Wem versuchte er hier etwas vorzumachen? Seine Augenringe kamen sicherlich nicht nur von der vielen Arbeit, sondern vor allem von der Tatsache, dass er mit sich und seinem Gewissen rang.
Zum ersten Mal, seid er diesen Job machte, und er war nun wirklich schon etliche Jahre bei der Polizei; zum ersten Mal war er sich nicht sicher, ob er wirklich auf der richtigen Seite stand. Besser gesagt, auf wessen Seite er überhaupt stand.
Bisher war die Frage immer leicht zu beantworten gewesen. Er stand auf der Seite von Recht und Ordnung. Punkt. Doch hier stellte sich die Frage; welche Seite war das?
Er war Polizist geworden, weil ihm Gerechtigkeit, Gesetz, die Wahrung der Rechte wichtig waren und hier nun konnte er nicht einfach darüber hinwegsehen, dass eine ganze nicht unbedeutende Bevölkerungsgruppe von ihren Rechten her mit Füßen getreten wurde.
Er seufzte. War es richtig gewesen, was er getan hatte? War es richtig gewesen, diese Leute zu warnen?
Er ließ etwas Wasser die geöffneten Hände laufen und warf es sich ins Gesicht. Das kühle klare Nass erfrischte ihn. Dann straffte er seine Schultern. Ja, es war richtig gewesen, und er würde es in dieser Form jederzeit wieder tun.
Was die jungen Leute nun wohl tun würden? Ob sie sich verstecken würden? Oder ob sie sich der Sache stellten?

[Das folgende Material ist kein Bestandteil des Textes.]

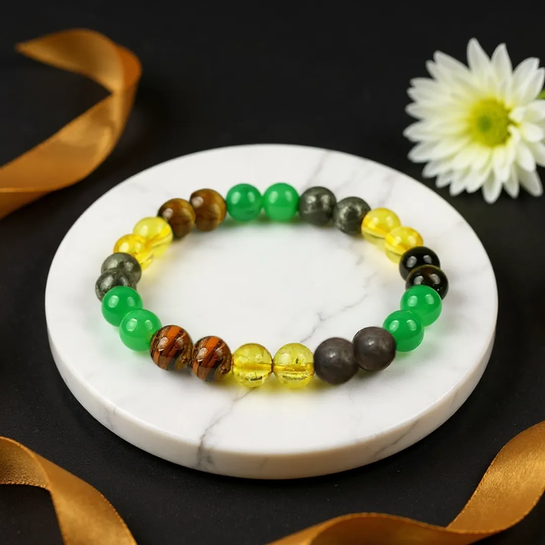 Each bead—Citrine, Pyrite, Green Aventurine, and Tiger Eye—is known for attracting money, luck, and career growth. Together, they create a strong energy field for prosperity.

Er hoffte, dass sie versuchen würden der Verhaftung zu entgehen.
Er würde nun zurück zu seinem Schreibtisch gehen und einige Beamten auf den Weg schicken. Er hatte keine Wahl, er musste es tun. Doch vielleicht könnte er den jungen Leuten etwas Zeit verschaffen? Er schaute auf die Uhr. Es war kurz nach 10 Uhr an diesem Montag Vormittag. Kurz nach 10 Uhr erst, und schon soviel war geschehen.
Er überlegte. Vermutlich würden sie sich alle in ihrem Büro befinden um diese Uhrzeit. Also würde er die Beamten zuerst zu ihren Wohnungen schicken. Dort würde man niemanden antreffen, und dann, nun ja, dann würde man sich zum Büro aufmachen.

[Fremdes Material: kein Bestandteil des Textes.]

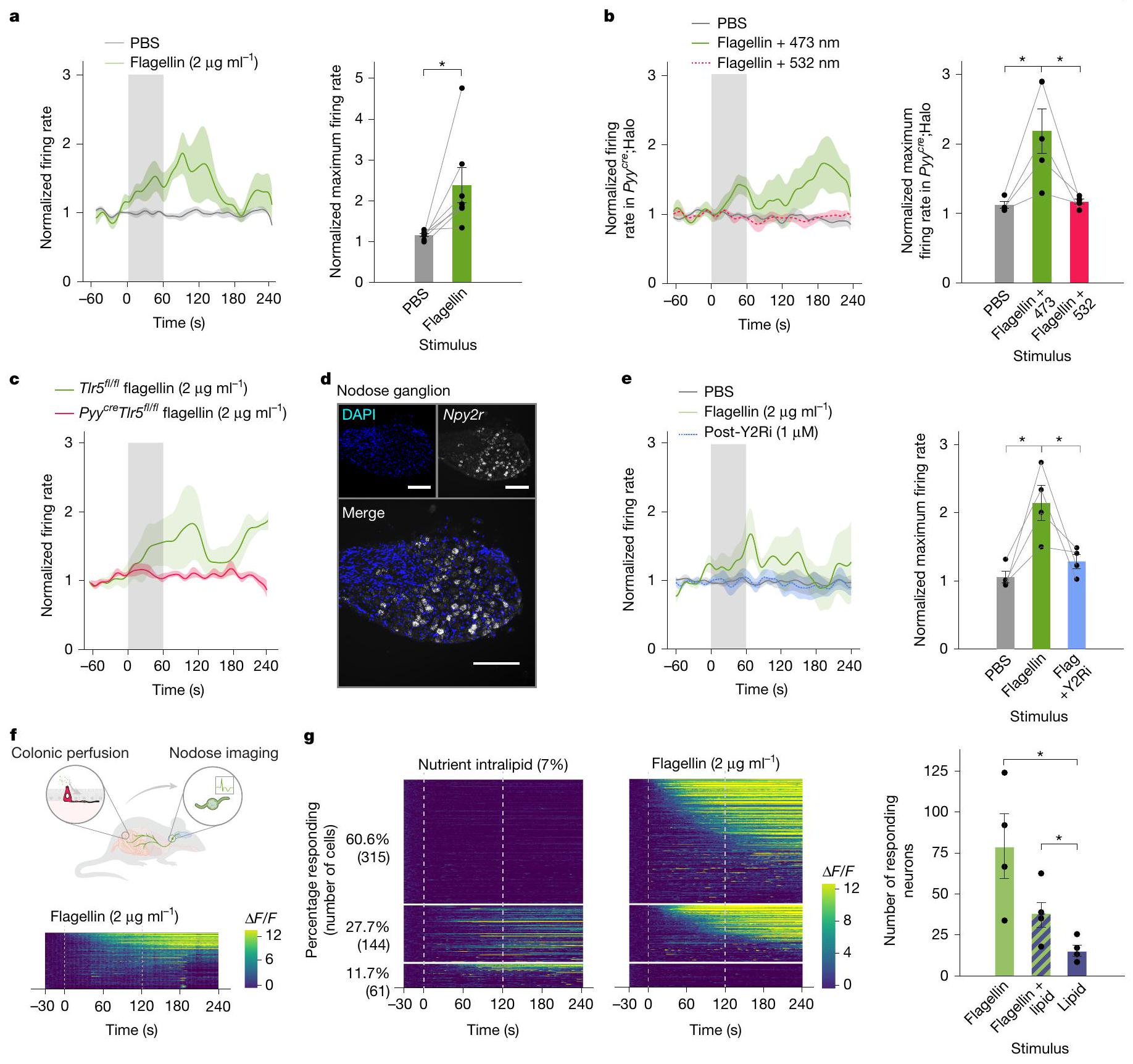 - For vagal nerve recordings: Throughout experiments, intralipid response was used as a positive control. For all flagellin and laser stimulation conditions, data were excluded if a stable intralipid response was not seen throughout the recording session.

Wieder fragte er sich, war es richtig. Und wieder konnte er nicht umhin, die Frage für sich selbst mit 'Ja' zu beantworten. Vielleicht würde er Ärger bekommen. Früher oder später würde man bemerken dass jemand die Leute gewarnt hatte, und dann wäre es nur ein kleiner Schritt, den Weg zu ihn zurückzuverfolgen.
Doch das war ihm egal. Er hatte das richtige getan und er würde notfalls dafür gerade stehen. Er wollte sich auch weiterhin im Spiegel anschauen können, ohne sich vor sich selbst zu schaudern. Recht und Gerechtigkeit, das war es, weshalb er diesen Job machte. Und dafür, dachte Sven Schneider, dafür würde er eben auch mal etwas riskieren.